If you think about it, we all perform prompt engineering throughout our daily lives. Some people vocalize their curiosities out loud as questions. Other people repeatedly Google search for information until they find answers. Persistent people, especially children, keep asking “Why? Why? But why?” or change their original question until they have a satisfactory answer.

For LLMs, prompt engineering works in a very similar way. Users expect LLMs to produce an output based on a given input, that is, the prompt. When an output isn’t to a user’s liking, they might modify their prompts to hopefully get better results. Prompt engineering is the key that unlocks LLMs to let them produce output at their maximum potential. It is the tiny rudder that steers a 400 billion-parameter ship in the right direction.

From the perspective of a machine learning engineer at Kolena, this article offers a guide toward evaluating prompt effectiveness. We’ll use OpenAI’s GPT-3.5 Turbo model to continue exploring the text summarization problem for news articles.

Necessary Next Steps

The previous blog post explored a text summarization problem, namely, by using generative AI to summarize news articles. We used the CNN-DailyMail dataset (11,490 news articles, each with human-made ground truth summaries) and compared the performance of five different GPT models. In the end, Turbo (gpt-3.5-turbo) generated the best summaries and yielded the highest overall performance at the lowest cost.

Our next step is to determine whether different prompts result in dramatic performance differences and quantitatively evaluate how well Turbo obeys its given prompts.

Evaluation Metrics

We want to avoid qualitative performance evaluations because the summaries we declare to be “better” might not be consistent with another person’s opinions. Qualitative comparisons always introduce the issue of human bias and subjectivity.
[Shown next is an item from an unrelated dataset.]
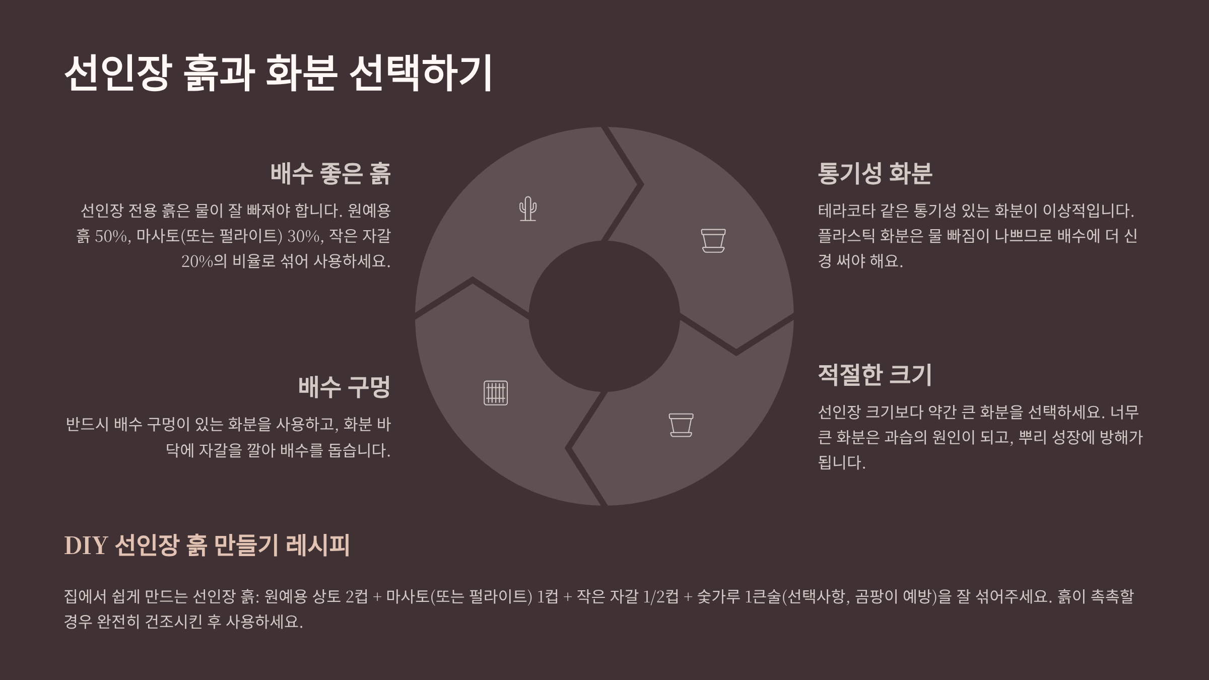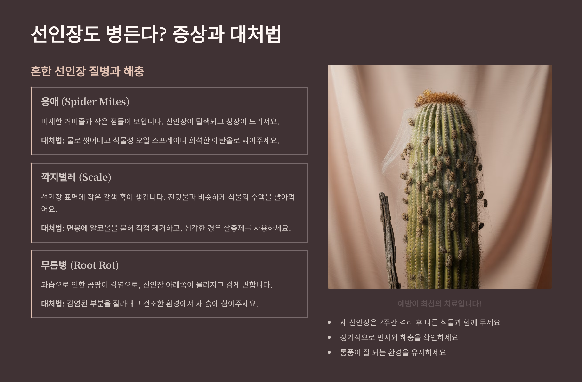 📌 본 콘텐츠는 일반적인 선인장 관리 정보를 제공하기 위한 것이며, 식물의 종류, 실내 환경, 계절에 따라 결과가 달라질 수 있어요. 식물 상태가 심각할 경우 전문가의 진단이 필요할 수 있습니다.

Instead, we will once again focus on quantitative performance evaluations.

The previous blog post already defined text-based performance metrics such as BERT_rec (BERTScore’s recall), wc_inf (inference word count), and ROUGE_L. Here, we’ll add three new metrics:

  1. METEOR: A better BLEU, claimed to have a higher correlation with human judgment (0 to 1).
  2. formality: A score indicating the level of informality or formality in a text (0 to 1).
  3. pii_count: A metric that counts the proper nouns or personal data within a text.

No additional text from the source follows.